*Dataset items*.
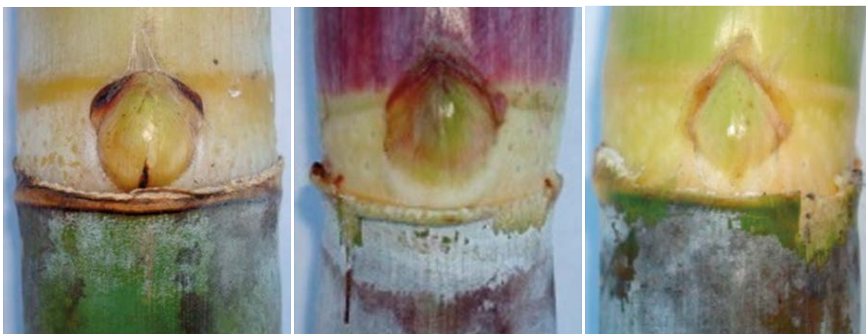
Figura 5. Diferencias en tipos de yemas entre distintas variedades de caña de azúcar.

y liberar más variedades para cubrir la demanda del sector (Snyman et al. , 2011).
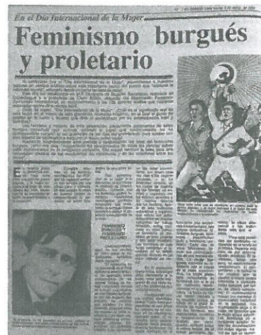
El Diario, 8 de marzo de 1988, Lima.
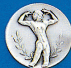
X-345 Body-Frau neu
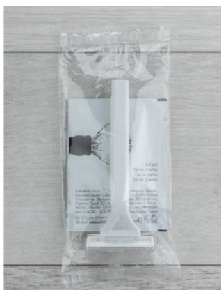
GFLF010_BK LOGO/SET BARBA CF100 (CRT6)

*WHAT YOU HAVE TO DO*. Word for word, return the records shown above without their pictures.

*FINISHED TASK*.
Figura 5. Diferencias en tipos de yemas entre distintas variedades de caña de azúcar.

y liberar más variedades para cubrir la demanda del sector (Snyman et al. , 2011).
El Diario, 8 de marzo de 1988, Lima.
X-345 Body-Frau neu
GFLF010_BK LOGO/SET BARBA CF100 (CRT6)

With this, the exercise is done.